As you can see there's a pile of fallen pink panther in the back. Previous owner "secured" up each piece of insulation to the barnboard roof using the old shingle nails protruding through. Like a Pink Panther crucifixion allll the way around the kneewall. So when the roofers reshingled my roof it all sloughed off. There has to be a better way of securing the new insulation to the angled ceiling.

And yes I'm aware that there are no baffles. Well, there are but they're poorly placed and not doing anything for the house. But these old houses don't exactly breathe the way newer ones do so I'm open to any suggestions on how to properly insulate.

OK so this is behind a kneewall in the attic.

It appears that there is unfaced fiberglass batt on the 'floor' area (the ceiling of whatever rooms are below) as well as on the kneewall itself.

Assuming that the kneewall area there is isolated - that is, that it doesn't enter into a living space directly, and that you are opening a door or hatchway to get in there - I would not install any insulation on the underside of the roof deck. Typically, the only time you should do that is when the roof deck\underside is actually the inside wall of a room, and in such case, you need to install a vapor channel (styrofoam W-sheet) against the roof sheathing (between the joists) in order to retain airflow between the soffit (at the bottom edge/overhang) and the ridge, then paper-faced batt insulation stapled to the joists. If you stuff insulation between the roof joists without it and impede airflow, any moisture that builds up due to normal heating/cooling of the roof deck will soak into the insulation & wood, resulting in rot & mold.

The roof structure is supposed to be an unheated, space, ventilated to the outside so that the roof can 'breathe.' Older homes such as yours often do not have the designed-in breathing that more modern homes do, and typically make do with attic gable vents. The best way to deal with your situation is to leave the roof surface uninsulated, so that it has the benefit of air circulation throughout the kneewall space.

Your best heat-loss control is to insulate the hell out of the horizontal space and, if the other side of that kneewall is a living space that's heated/cooled, insulate the kneewall as well.

Also, deal with that wire.

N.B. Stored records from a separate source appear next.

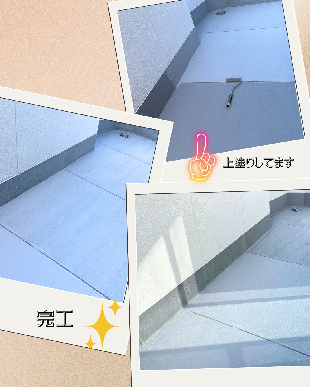 下塗り→中塗りの工程写真、上塗り→完工の写真となっております。
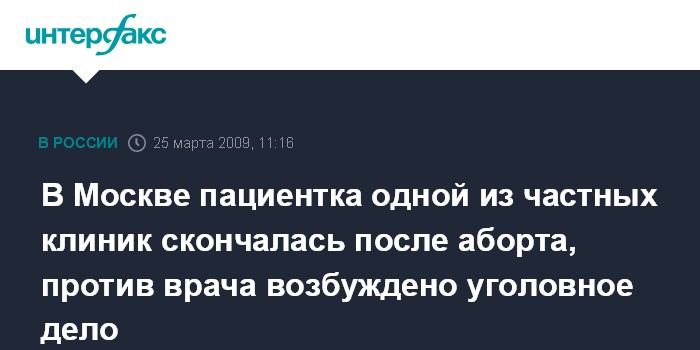 Москва. 25 марта. INTERFAX.RU - Главный врач одной из частных столичных клиник подозревается в том, что провела аборт на поздних сроках беременности 25-летней женщине, в результате которого пациентка скончалась, сообщили "Интерфаксу" в СКП РФ в среду.
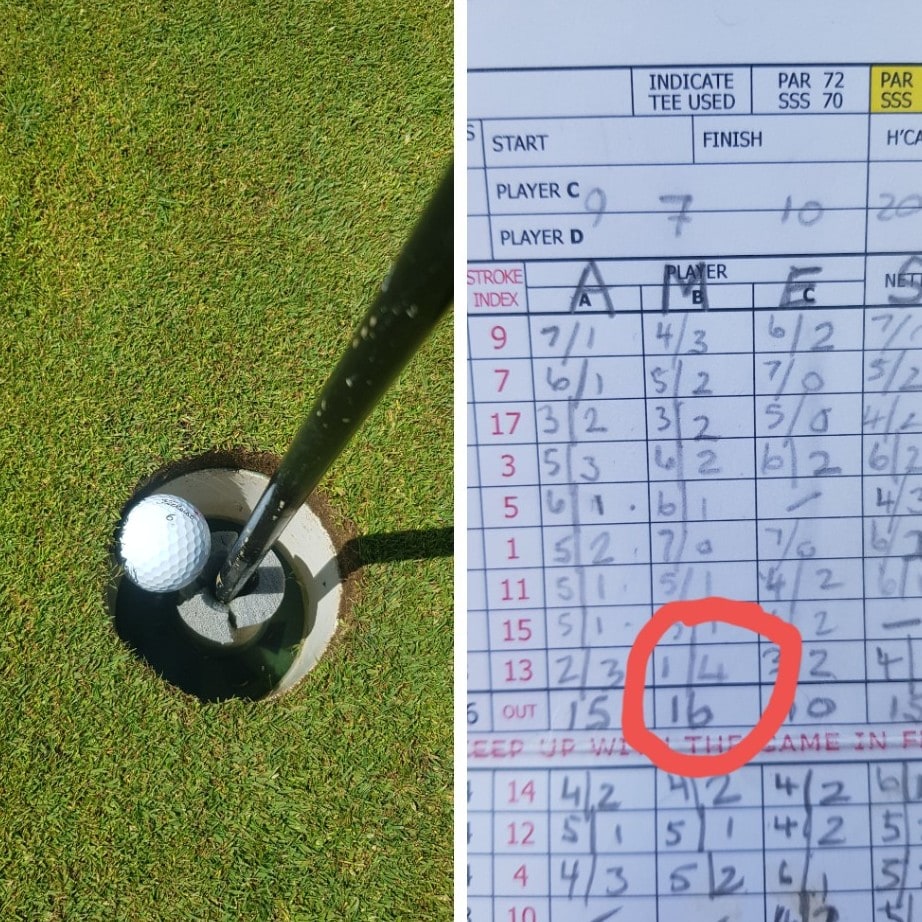 Ondle Golf Club, England. It was a beautiful Saturday nice and sunny with light brease. I had a good start of the round but had few grease holes after. We arrived to the 9th hole. 182 yards bit downhill with little wind of the right. Pin was on the front of the green. 172 yards to front. Just picked up my 7 iron which should be the right club for that distance and it was. Hit nice shot straight on the flag. The ball landed on the green took one bounce and roll in the hole. As I seen it going in the hole just trow the club in the air a and celebrate. It's shame that in this situation about this pandemic we couldn't even do high fives. But still a special moment I will remember for long time.
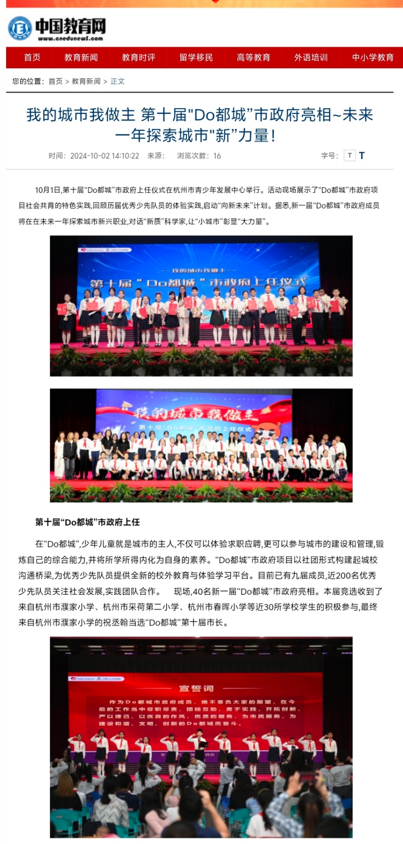 中国网、中国教育网、潮新闻报道第十届“Do都城”市政府上任
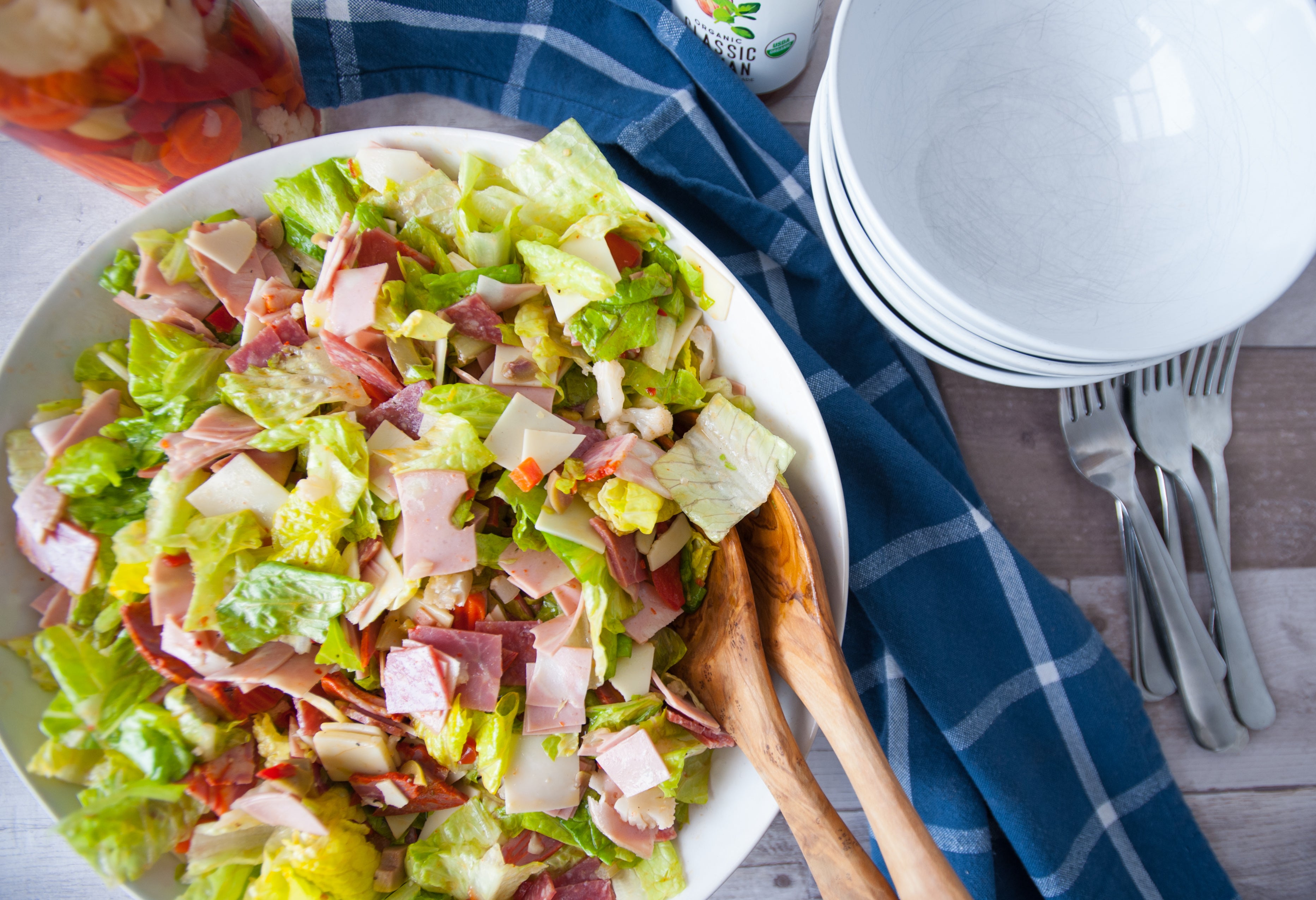Never heard of a muffaletta? It's classic sandwich from New Orleans, and we thought it would be even tastier (and easier, and more healthful.....) in salad form. Combine a mix of cured meats, creamy provolone cheese, and briny pickled veggies and olives with some fresh greens and you'll feel like you're in the French Quarter at Mardi Gras.

Hopefully it's a doorbell or thermostat or something DC.

Danhenge posted:

So I've got a spot where a bunch of coax enters the basement from a defunct satellite TV installation:



But a temperature sensor for our boiler also pokes out through that hole. I'd like to take the coax out and then close enough of that hole to keep mice or other creatures out, but not just enclose that wire for the sensor in the hole permanently. Willing to spend a little more money or time to do it something like "right" as opposed to cheap and easy.

Yes, use silicone caulk. There are also concrete repair products that come in a tube. I have similar holes through my block that i caulked 25-years ago, they're fine. It can be removed if needed without excessive effort.

PainterofCrap fucked around with this message at 14:23 on May 13, 2021

EssOEss
Oct 23, 2006
128-bit approved
I am installing a door into a solid brick wall that already has some electrical and ethernet cables firmly embedded within it (not movable). The cables are near the floor, so I imagine re-routing them under the door is the best route to go.

What's the best practice for dealing with the wires and ensuring proper splicing around the door? I have never installed a door before, so I am unsure what to expect here. I will have a contractor do the work but I just want to come into the conversation prepared.

FogHelmut
Dec 18, 2003

Is 8 month old gas still usable? I have about 2 gallons. Is it going to wreck my car if I mix it in with a full fresh tank?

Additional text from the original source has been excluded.